[plt-scheme] Scheme and R

From: Neil Toronto (ntoronto at cs.byu.edu)
Date: Thu Mar 26 18:17:39 EDT 2009

Eli Barzilay wrote:
> On Mar 26, Neil Toronto wrote:
>> As a language it's rather weak and inconsistent. Sungwoo Park's
>> analysis is good, so I'll defer to him:
>>
>>      http://www.postech.ac.kr/~gla/paper/R-ism-dec-8.ppt
> 
> If anything, reading this made me appreciate R more than my previous
> vague impression.  Specifically, that criticism reads very obviously
> as an ML advocate criticising (PLT) Scheme.

I got that impression as well, though R does have problems in the 
*areas* he points out.

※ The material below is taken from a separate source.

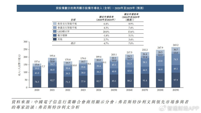 受商用显示设备技术进步及市场需求稳步增长驱动,全球商用显示设备市场营业收入规模从2020年人民币1,576亿元增至2024年人民币1,894亿元,复合年增长率为4.7%。具体而言,2024年教育交互智能平板、会议交互智能平板、LED显示屏及数字标牌的营业收入分别达人民币200亿元、人民币91亿元、人民币394亿元及人民币382亿元,2020年至2024年复合年增长率分别为6.4%、4.3%、20.0%及-1.8%。预计至2029年,全球商用显示设备市场营业收入规模将达人民币2,652亿元,2024年至2029年复合年增长率为7.0%。其中,教育交互智能平板、会议交互智能平板、LED显示屏及数字标牌的收入预计分别达人民币307亿元、人民币130亿元、人民币745亿元及人民币491亿元,2024年至2029年复合年增长率分别为8.9%、7.4%、13.6%及5.1%。
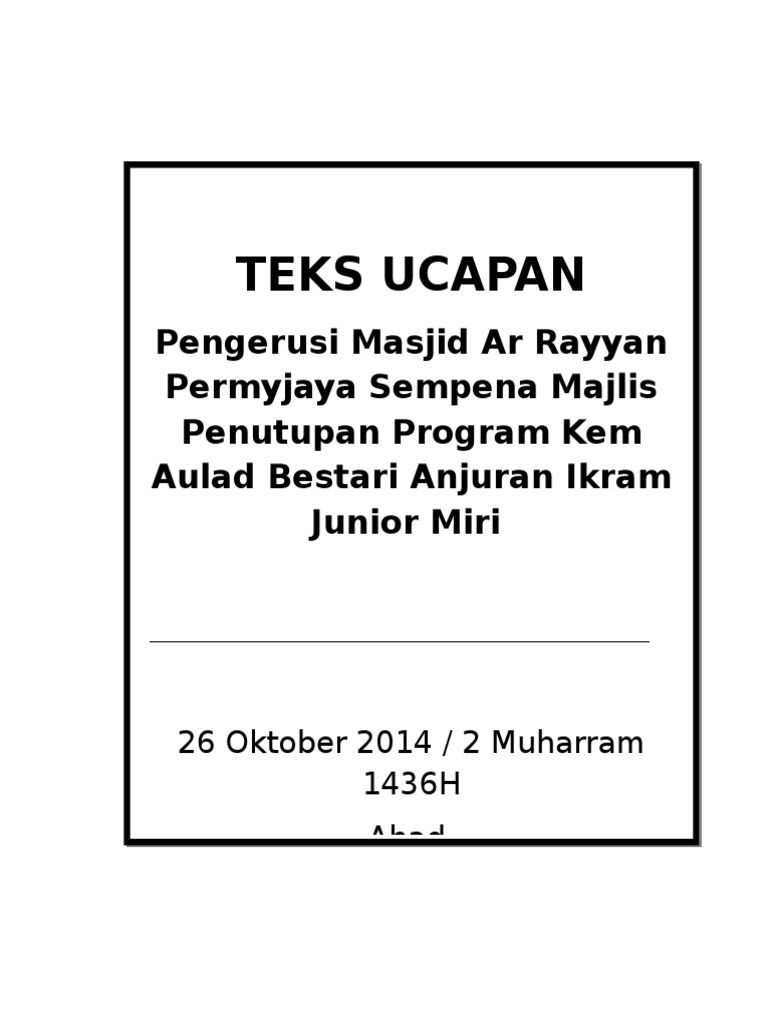 Cara ucapan pengerusi masjid. Tetapi jika pengerusi tidak pergi bersama lebih baik anda bawa balik borang tersebut dan isinya di rumah dan mintak PENGERUSI turunkan tandatangan pada borang itudan. Hadirin yang dimuliakan Majlis akan bermula sebentar lagi untuk itu tuan-tuan dan puan-puan serta hadirin sekalian diminta mengambil. 1 Skrip Pengacara bukan teks ucapan pengacara.

It rather reminds me of Wadler's critique of 
scheming, where the problems he pointed out were often problems for a 
different reason than he said.

> Even more specifically:
> 
> * We have a `void' value that is the common result of side-effect
>   functions[1] -- we even have (surprise) a `when' expression, and
>   one-sided `if's.  (It's not clear to me whether R implements this
>   using a void value or using something like (values) -- but the
>   choice between the two is irrelevant.)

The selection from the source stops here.